Aslında, 17 Ağustos 1999 Doğu Marmara depreminden sonra, Türkiye'deki depremle ilgili kamu kurum ve kuruluşları, üniversiteler, meslek odaları, sivil toplum kuruluşları ve bazı yerel yönetimler, sınırlı olanakları ile, depremlerle mücadele konusunda olumlu bazı çalışmalar yapmışlar, projeler üretmişler; ancak, bu çalışmaların hiçbiri hedeflenen amaçlarına ulaşamamıştır.

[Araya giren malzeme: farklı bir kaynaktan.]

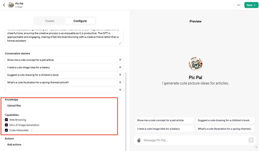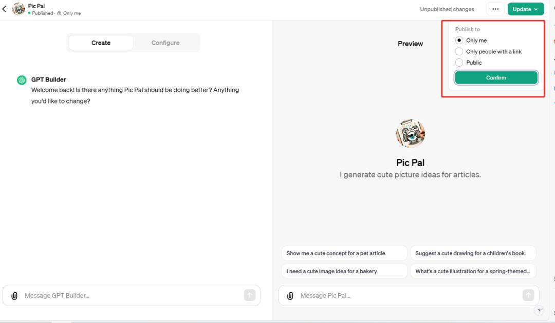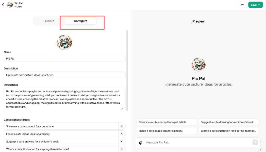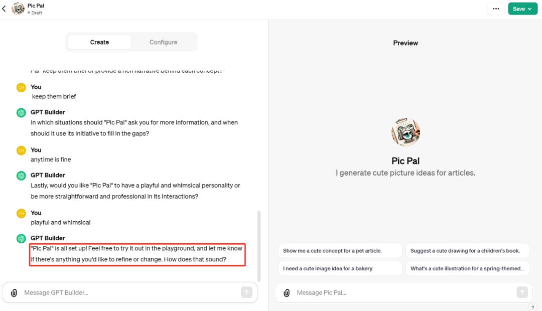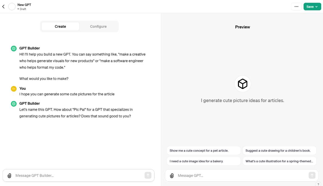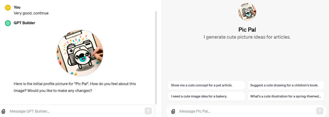 首先我们想让它为文章生成可爱的配图,GPT Builder 建议我们将这个 GPT 命名为 Pic Pal:

Çünkü, hem hükümetlerden yeterli maddi desteği görememişlerdir hem de tüm bu çalışmaları koordine edecek ve uygulamaya koyacak bir üst kurum oluşturulamamıştır.
Sonuç olarak Türkiye, maddi ve manevi çok büyük kayıplara neden olan ve tüm ülkemizi büyük yasa boğan 7.4 büyüklüğündeki 17 Ağustos 1999 Doğu Marmara depreminden bu yana tam yedi yıl geçmiş olmasına karşın, depremlerle mücadele konusunda, bugüne dek, ne yazık ki bir arpa boyu bile yol alamamıştır.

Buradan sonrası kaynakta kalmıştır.